Назад к книге «С Днем рождения, детка!» [Елена Чуб]

С Днем рождения, детка!

Елена Чуб

И дело не в том, что я как-то предвзято отношусь к блондинкам. Они мне вообще безразличны… Были. До тех самых пор, пока я сама не стала одной из них. И произошло это безобразие не благодаря химической промышленности весьма развитых европейских стран. А благодаря несчастному случаю, завершившемуся летальным исходом. МОИМ СОБСТВЕННЫМ! В итоге… Я в чужом мире, в чужом теле, и еще вдобавок с кучей проблем, на это самое тело неожиданно свалившихся. Основная из которых – мой вынужденный политический брак на благо новой Родины с Правителем самых настоящих демонов.

ГЛАВА: 1

– Ненавижу! Достали! Вы все меня уже достали!!!

Громко ору и с шикарным размахом бросаю очередную статуэтку в запертую дверь.
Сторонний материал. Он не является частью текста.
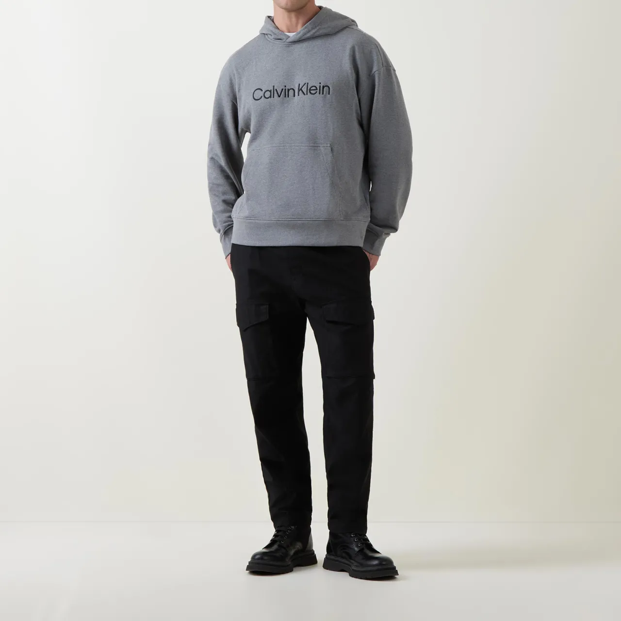 - Long sleeves, hooded, dropped shoulders, contrast logo branding across the chest, front kangaroo pocket, elasticated hemline, stretch cuffs, smooth fabric

В деревянную, резную “под старину” дверь… Ура! Попадаю ровно посередине. В яблочко! Как раз в самую навороченную завитушку ручной работы совершенно неизвестного мне, но явно элитного столяра. Радость-то какая… Я крута! Я – почти что снайпер! Я просто мастер спорта по уничтожению самых разнообразных и весьма хрупких предметов искусства. А еще меня радовало то, что варварски уничтоженная мной статуэтка была одной из самых любимых в чересчур обширной папочкиной коллекции антикварного европейского фарфора. И именно поэтому осколки, которые увеличили итак приличную кучу битого мусора под дверью, опали вниз с особо приятным для моего слуха звоном.

– Анюта, детка, радость ты моя драгоценная, а может быть ты все-таки, наконец, успокоишься? – раздался с той стороны двери прерывистый и весьма взволнованный голос моего чересчур впечатлительного родителя. – И мы с тобой мирно обсудим… ЭТУ проблему как взрослые и цивилизованные люди.

– Папа, вообще-то цивилизованные люди на своих детей не орут и в комнатах их не запирают! И вообще… Не называй меня “ДЕТКОЙ”! Ты же знаешь, что я просто ненавижу, когда ты так делаешь. – гневно отвечаю и брезгливо, двумя пальчиками беру в руку одну из трех оставшихся, самых уродливых статуэток, «украшающих» отцовский рабочий стол. И рассматриваю ее с явным недоумением. А вот эту оригинальную "прелесть" я что-то раньше здесь не видела. Какая-то страшная ассиметричная бабенция без головы, но при этом с огромной обвисшей грудью. И все это "великолепие" было выполнено в совершенно депрессивном черном цвете. Ну и кошмар! Полнейшая безвкусица…

– Анечка, но ведь ты совсем уже не ребенок… И я на тебя даже голос не повысил. Ты как бы сама, чересчур громко со мной разговариваешь… Но я же на тебя за это не обижаюсь. Выходи, а?

Под невразумительные увещевания отца родного, отвратительная статуэтка летит в дверь, вслед за чем из-за нее раздается робкое: – …и вообще-то, это все же не твоя комната. Это как бы мой рабочий кабинет.

– Ну и что!

– И я ведь тебя не запирал, ты вроде бы как сама в нем закрылась…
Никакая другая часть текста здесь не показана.